Depois flertou com o mainstream no apenas razoável “Hitman” e agora jogou um
míssil nuclear bem em cima do nosso edredom.
O jovem diretor parece que gosta de causar sensações desagradáveis
em quem assiste seus filmes e...damn it, ele consegue, viu? Em “The Divide”,
ele mostra que em suas estórias apocalípticas, não existem patrocinadores,
suítes de luxo ou esperança. O que se reserva é imundice, racionamento e
humanos em seu estado mais primitivo. Então corre até a cozinha e veja se tem
estoque nas prateleiras para alguns dias, pois o “bagulho é sério”.

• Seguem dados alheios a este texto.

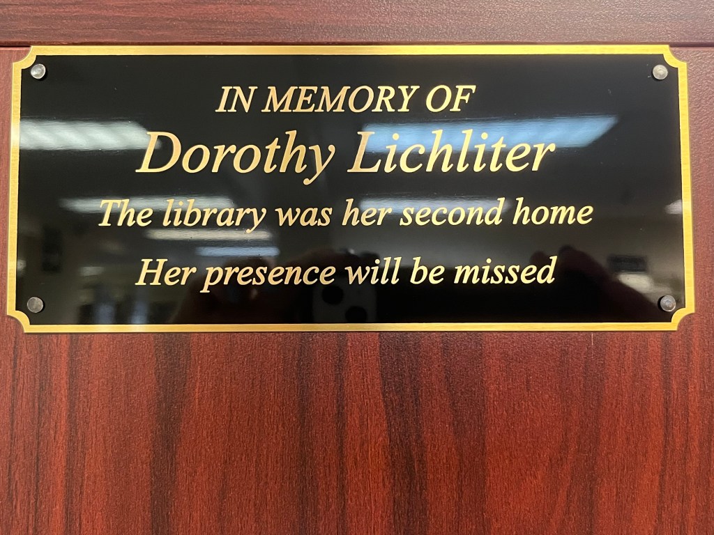 We are very pleased to help honor the late Dorothy Lichliter, a long-time patron of the Coronado Center Library, by adding a memorial plaque in her name to designate the donation of our new “Local Authors” shelf. Thank you to the Lichliter family for this gift in remembrance of a wonderful patron!

Para o que se propõe, o filme atinge na mosca. Dá o recado com
extrema competência. Lembrem que o objetivo é esse mesmo. É agulhada entre a
unha e o dedo. Quem não gosta, por favor saiba que a porta é a serventia da
casa, mas cuidado, porque lá fora o cenário não é bonito e o clima é péssimo,
então tratem de usar roupas apropriadas...para radiação.
A brincadeira começa quando um holocausto nuclear é despejado em uma
cidade qualquer, obrigando um grupo de pessoas qualquer a buscar abrigo no
subterrâneo de um prédio qualquer. Não se explica o porquê, não se diz quem
foi, não se oferecem pistas.
Para Gens isso não importa. Ele só se interessa em como as pessoas
reagiriam em um ambiente fechado, caótico, com recursos limitados, sem respostas,
sem horizontes, sem cabelo.
E para entregar esse climão, o cara não pede “s’il vous plaît”. Já
chega dando tapa na orelha e perguntando “se tá com nojinho”. É tempo ruim o
tempo todo. É criança sendo levada da mãe, corpos sendo destrinchados na base do machado,
sexo “doggy style”, sangue cuspido na pia.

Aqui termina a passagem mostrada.